The adoption of a GGA framework at COP28 was to enhance national, local and transboundary adaptation efforts by improving planning and advancing on implementation. Moreover, it was expected to provide means for evaluating the collective progress on adaption and support. The Paris Agreement, however, does not describe a quantitative goal for adaptation but establishes the GGA as a shared aspirational goal. The most pressing and complex challenges regarding the establishment of the GGA include defining globally relevant targets and metrics to assess progress, as well as defining a clear roadmap for implementation towards the second GST.
In line with limited advances in the past, the results of adaptation negotiations have been underwhelming at COP28. The need for transformative adaptation and resilience is increasingly urgent, whereas current adaptation tends to be gradual and piecemeal. Indicators, monitoring systems and strong commitments are lacking, with 60% of countries that have National Adaptation Plans not conducting evaluations of their implementation as of 2021. Within the GGA text approved, the following key elements can be highlighted:
- The purpose of the framework for the GGA (called the UAE Framework for Global Climate Resilience, UAE FGCR) is to guide the achievement of the GGA and to help review the progress made to reduce the impacts, risks and vulnerabilities associated with climate change, as well as to enhance action and support for adaptation. Informally, this is referred to as the guiding star.
- The GGA incorporates both transformative and incremental adaptation approaches, taking into account scientific evidence and local and Indigenous Peoples’ knowledge.

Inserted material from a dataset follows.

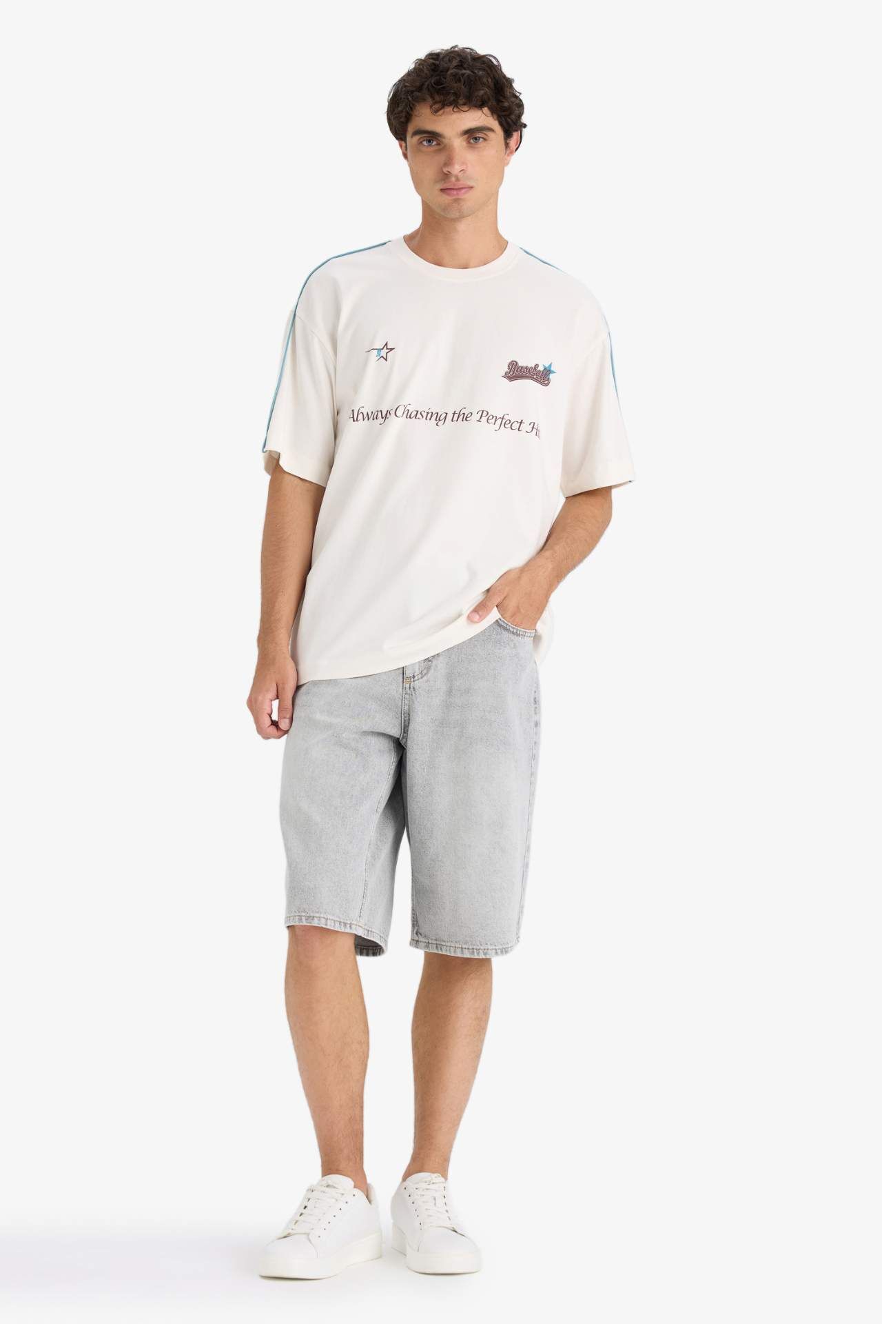 DeFacto Boxy Fit Bisiklet Yaka Baskılı Kısa Kollu Tişört F5503AX25HSER118

- In the adaptation decision, seven sectoral priorities are identified (see Box 2 below) but quantitative objectives were not established. COP28 called on Parties to reduce climate impacts and enhance resilience in water, food, health, ecosystems, infrastructure, poverty eradication and cultural heritage.
- Furthermore, objectives of a more operational nature were requested. For instance, setting objectives by 2030 associated with the different stages of the adaptation policy cycle: all Parties must have adaptation plans informed by impacts, vulnerability and risk analyses; and all Parties will have National Adaptation Plans (NAPs) and will have made substantial progress in their implementation, as well as in developing a monitoring, evaluation and learning (MEL) system. Additionally, by 2027, Parties were mandated to have early warning systems, climate information systems, and observation capacity.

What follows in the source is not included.